Andrew Peterson: Light for the Lost Boy
Style: Textured folk-pop; compare to Josh Garrels, Sarah Groves, Rich Mullins
Top tracks: "Come Back Soon," "You'll Find Your Way," "The Cornerstone"
Andrew Peterson has long had a penchant for epic themes, and that's exactly the territory his ninth studio album inhabits. What's new is the brilliant edge to Light for the Lost Boy, delivered by the singer-songwriter's willingness to grapple with difficult questions and by bigger production and wider instrumentation. It's especially the well-placed, moody growlings of electric guitar that give teeth to Peterson's groanings of Creation. (Former Audio Adrenaline guitarist Tyler Burkum does the electric honors.) Peterson's lyrics walk the tightrope of the human condition, at once feeling the crushing weight of mortality and the fierce hope of eternity. After all, the light of redemption shines brightest when set against the darkness of loss.
"Come Back Soon" raises the album's curtain with "the Tennessee flood / The sound of the scream and the sight of the blood / My son he saw as the animal died." The electric production is warm and visceral a la Bon Iver. Just like humanity, this song—this album—is haunted by death.

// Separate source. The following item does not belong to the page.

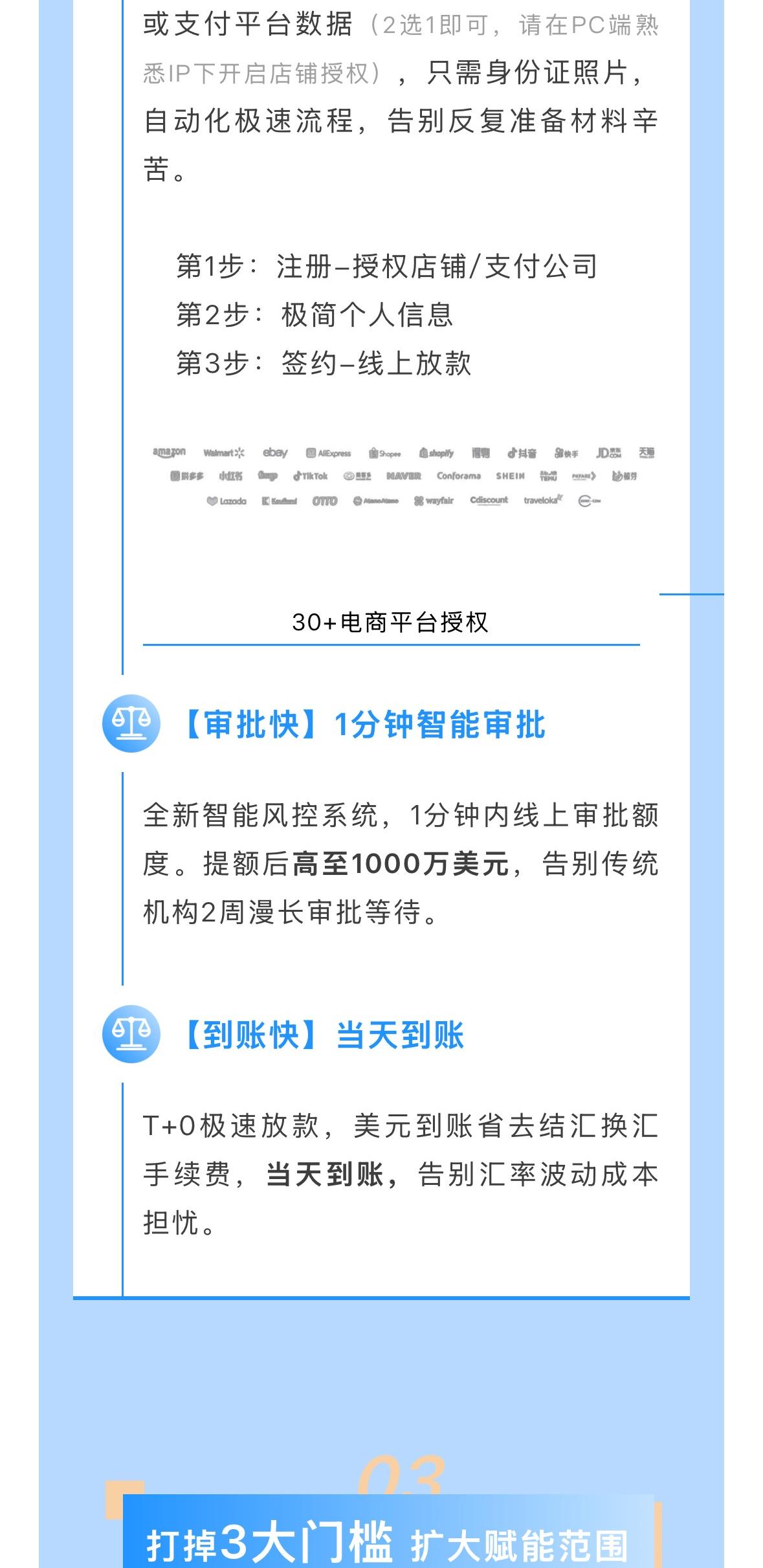 全场景覆盖:满足跨境电商卖家,从备货、营销、物流、仓储、关税等各场景的资金需求

Yet there's a throbbing hope even in lament: "So we groan in this great darkness / for deliverance." And Peterson proceeds to expertly walk the tightrope of brokenness and repair.
True to form, his storytelling is masterful and personal, both intimate and universal. An accomplished children's writer (the Wingfeather Saga), Peterson weaves smart literary metaphors into this music. "The Ballad of Jody Baxter" builds from the protagonist of the coming-of-age tragedy The Yearling. The literal and figurative launching point for "Day by Day" is the birthplace of Peter Pan. Sometimes Peterson's lost boy is himself, sometimes his own son, sometimes characters of fiction. Innocence is celebrated while acknowledging its looming loss. Triumphs of love require battle scars. Joy can be exultant, but mortality is ever present. Eden is there and gone. "And we just can't get used to being here / Where the ticking clock is loud and clear / Children of eternity / On the run from entropy" ("Day by Day").
Lost Boy places the mantle of Rich Mullins squarely on Peterson's shoulders. Its sonic still lifes and sweeping landscapes, both emotional and natural, capture transcendent freeze-frames between the love of earth and the longing for heaven. And Peterson's family contexts interweave an even richer dimension. "You'll Find Your Way" is a moving letter to a son. "The Voice of Jesus" directs hope to a brokenhearted daughter. And "Carry the Fire" is a weathered pledge to his wife.
Peterson delivers with maturity that mostly avoids the cliché and sentimentality of adult contemporary radio, though "Rest Easy" and "The Voice of Jesus" tilt slightly to that direction. But he mostly avoids the shortcuts of a three-minute pop song. Instead Peterson draws us deeper into the yearning where life and love are savored against their unavoidable losses—and where glowing hope always remains.